As the world marks Cybersecurity Awareness Month, stakeholders in the Nigerian cyber space have made a strong case for an Integrated Identity Management System to be called ‘’The Nigerian Identity’’ whereby international passport, phone number, BVN belonging to one individual are grafted onto one composite interconnected file to easily detect and track perpetrators of cybercrime.
They also called for regular update of regulatory guidelines and improved collaboration between the financial sector regulators, industry operators and Nigeria Inter-Bank Settlement System Plc (NIBSS) to effectively manage emerging risks and achieve a secured digital ecosystem that facilitates safer transaction processing and customer experience.
This forms part of the submission of participants at the Information Security Society of Africa – Nigeria (ISSAN) Cybersecurity Roundtable with the theme: Re-Thinking Corporate Governance Rules on Money Transfers held in Lagos recently. The Stakeholders comprised representatives from Deposit Money Banks, FinTechs, Economic and Financial Crimes Commission (EFCC), Federal Bureau of Investigation (FBI), Central Bank of Nigeria (CBN), NIBBS, Internet Service Providers (Huawei), Tech Companies, Cybersecurity companies, Legal Practitioners, and the Press.
In a communique released at the end of the forum, they agreed that there was also the urgent need to create effective blacklists of criminals in the financial sector so that when they have committed any infraction anywhere within the industry, they should be blacklisted industry wide.
The participants identified human factor as the most critical element of a cybercrime, stressing that staff recruitment and customer on-boarding should be done with greater and continuing care and concern. They raised concerns on non-compliance to Tier 1 account transactions limits, urging operators to review and improve their respective security architectures as well as ensure the implementation of the existing regulations by the industry operators. Thus, the need for a stronger regulatory attention for FinTechs was canvassed especially in relation to enforcing the limits for Tier 1 accounts.
Other highlights of the ISSAN Roundtable include the need for the regulators to encourage and reward whistleblowers and sanction wrong information; create a platform to generate a connectivity graph for every email a customer provides for account opening to serve as red flag; address the slow pace of action in Investigating funds transferred to wrong account and a more robust regulatory and legal framework for money transfer, including ethical guidelines.

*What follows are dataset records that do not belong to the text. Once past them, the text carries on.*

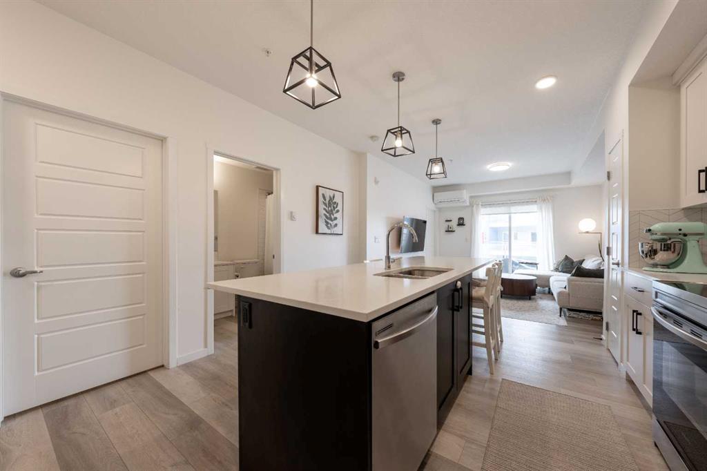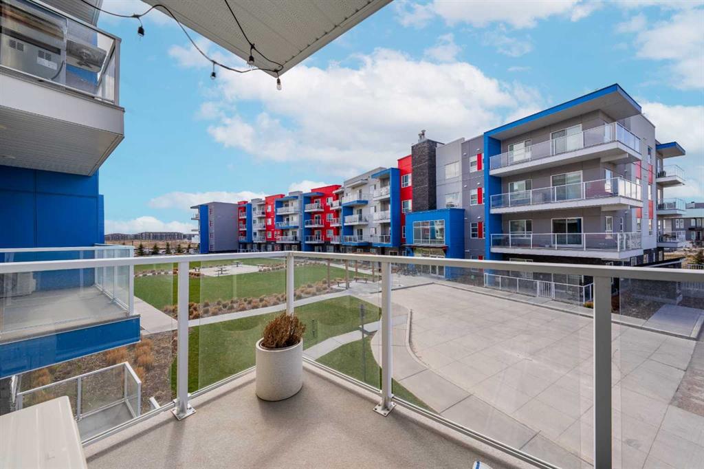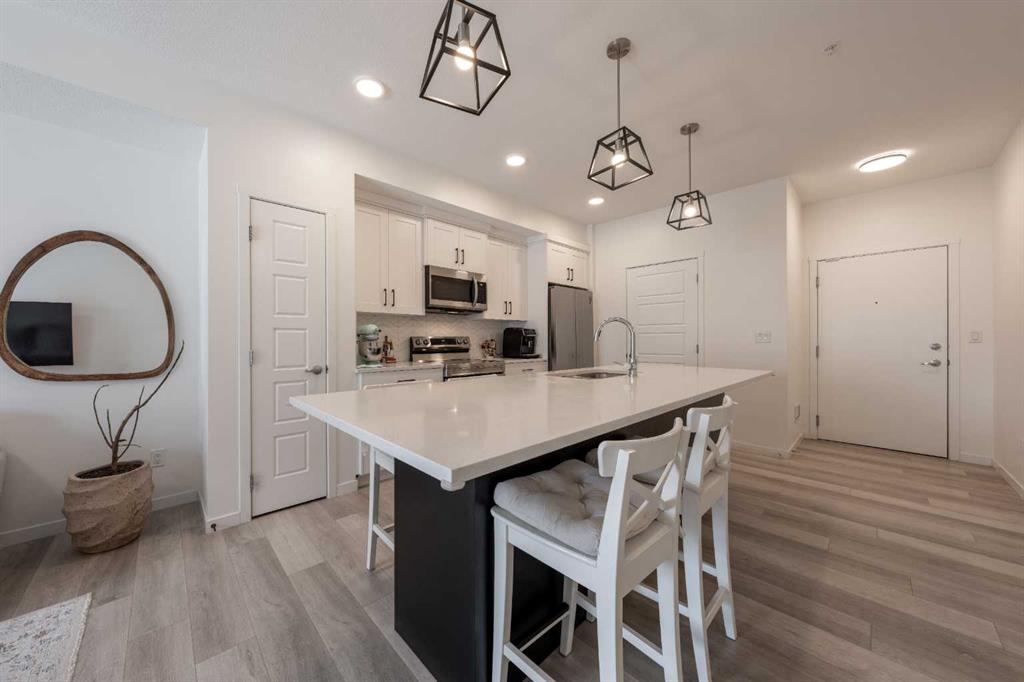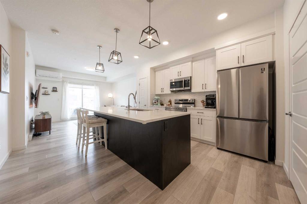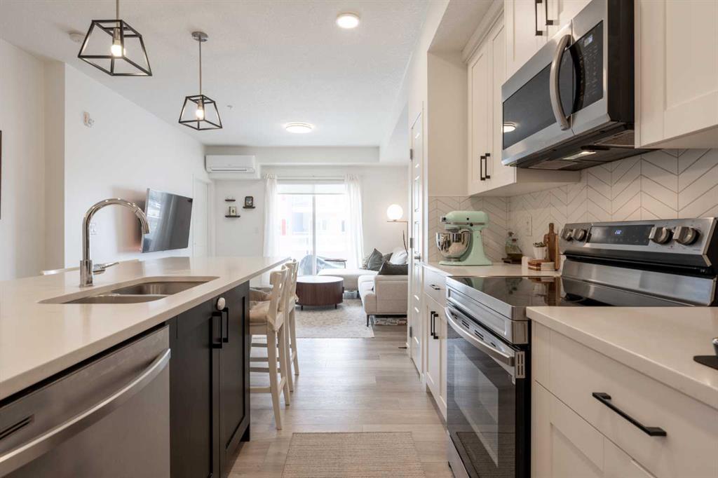 Welcome to this beautifully presented 2 BEDROOM, 2 BATHROOM apartment in the vibrant and highly walkable community of SETON. Offering 722 SQ. FT. of thoughtfully designed living space, this second-floor unit combines modern finishes, everyday comfort, and an outstanding location close to many of southeast Calgary’s best amenities. The bright, open-concept layout features CENTRAL AIR CONDITIONING, stylish VINYL PLANK FLOORING, contemporary lighting, and large patio doors that fill the main living area with natural light. The kitchen is beautifully finished with QUARTZ COUNTERTOPS, full-height cabinetry, stainless steel appliances, a microwave hood fan, tile backsplash, and a large central island with seating, creating a functional and inviting space for cooking, dining, and entertaining. The living room flows easily onto the WEST-FACING BALCONY, where you can enjoy fresh air, evening sun, and views into the well-kept interior courtyard area.
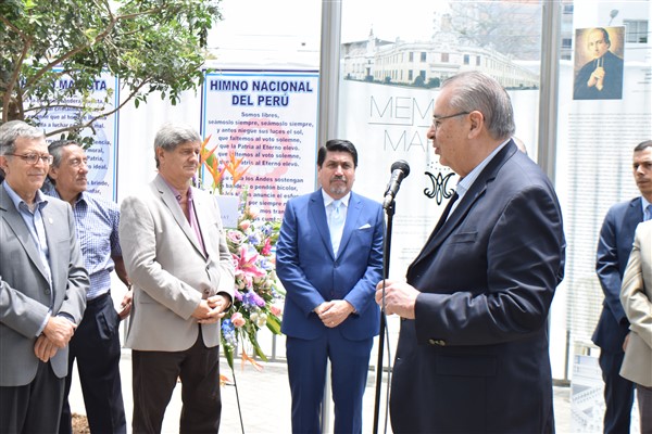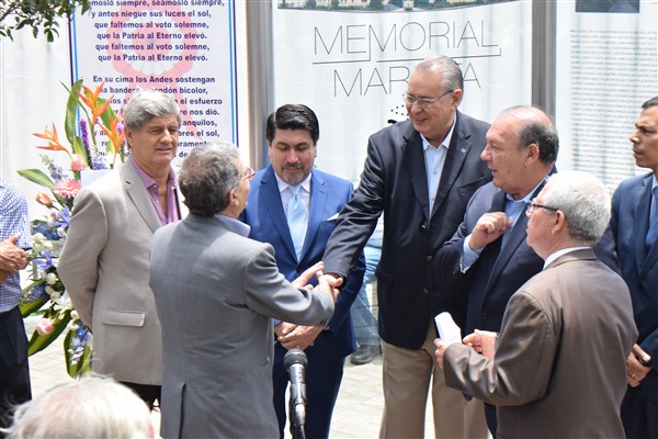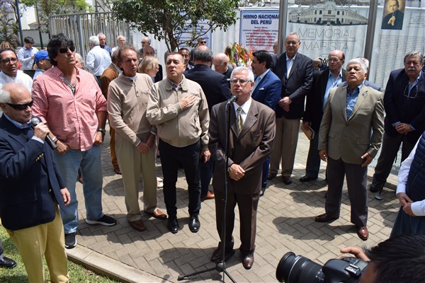 Se realizó la ceremonia con la presencia del Embajador Alan Wagner Tizón, Presidente del Consejo Mayor de Fundadores, el Ing. Diego La Rosa Jaimes Pdte. de la Federación Maristas del Perú, Hermano Marista Pablo González Franco, representante de la Congregación Maristas del Perú, Lic. Oscar Torres Silva Presidente de la Asociación Antigua Alumnos del Maristas San Isidro; luego la Bendición del MEMORIAL MARISTA por el Padre Francisco Javier Salazar Orive, Párroco de la Iglesia Virgen del Pilar cerrando con la Opera y Himno Marista interpretado por Carlos Llosa.
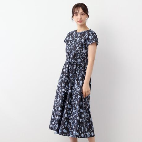 ウエストから広がるAラインと控えめなフレンチスリーブが上品な印象を与えます。
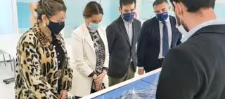 Maru Díaz durante su visita, frente a la nueva mesa digital de disecciones - GOBIERNO DE ARAGÓN

They further urged banks to make extra effort to build trust in customers’ minds; improve data protection; emphasize financial literacy for financial inclusivity; exert more effort in educating their customers on the workings of the financial system and enhance security of their Application Programming Interfaces (APIs)
In his keynote address, Director, Payment System Management, CBN, Musa Jimoh, commended the efforts of ISSAN in promoting a safer cyber space for financial transactions in the county, stressing that it is the responsibility of all stakeholders to ensure a robust payment ecosystem and a sound regulatory regime as the apex bank cannot do it alone. He further emphasized that banks and FinTechs should put adequate measures in place to protect their customers, stressing that it was the only way to embrace and trust the payment system.
“The banks should know the identity of the entity that is conducting transactions. Banks should invest and strengthen their KYC. They should monitor transactions and put adequate measures in place to trigger suspicious transactions They should continue to educate their customers and create more awareness. Consumer protection is dear to CBN. It is the obligation of the banks to protect customers who are vulnerable. Banks and FinTech’s should exhibit good market conduct to earn the trust of their customers.” he said.
Earlier in his welcome address, ISSAN President, Dr David Isiavwe, stated the need for industry operators, law enforcement agencies and financial sector regulators to ensure they are steps ahead of the activities of cybercriminals.
According to him, “the cybersecurity space is constantly evolving. As the cybercriminals do not sleep or relent, operators and regulators have a duty to not also sleep. Indeed, the protection of the cyberspace is the responsibility of all stakeholders…”
“The increasing deployment of technology to optimize and ease financial transactions has not only revolutionized the payment space, but it has also broadened the attack surface for cybercrime. Thus, it has only become necessary that guidelines and principles that provide safety to these systems are continuously adopted locally and internationally as cyber-attacks are no more a matter of “if” but “when” they will occur.” He stated.
Dr. David Isiavwe who is also the Chief Compliance Officer of Ecobank Nigeria, noted that FinTechs have a critical role to play in the future of financial services, noting that the more they innovate, the more they need to automate the attendant controls and ensure that they are strictly monitored.
ISSAN is a not-for-profit organization dedicated to the protection of Nigeria’s cyberspace. It is also significantly involved in ensuring the security of Banking Systems. It also provides a platform for information, collaboration, and ideas exchange for a safer payment ecosystem.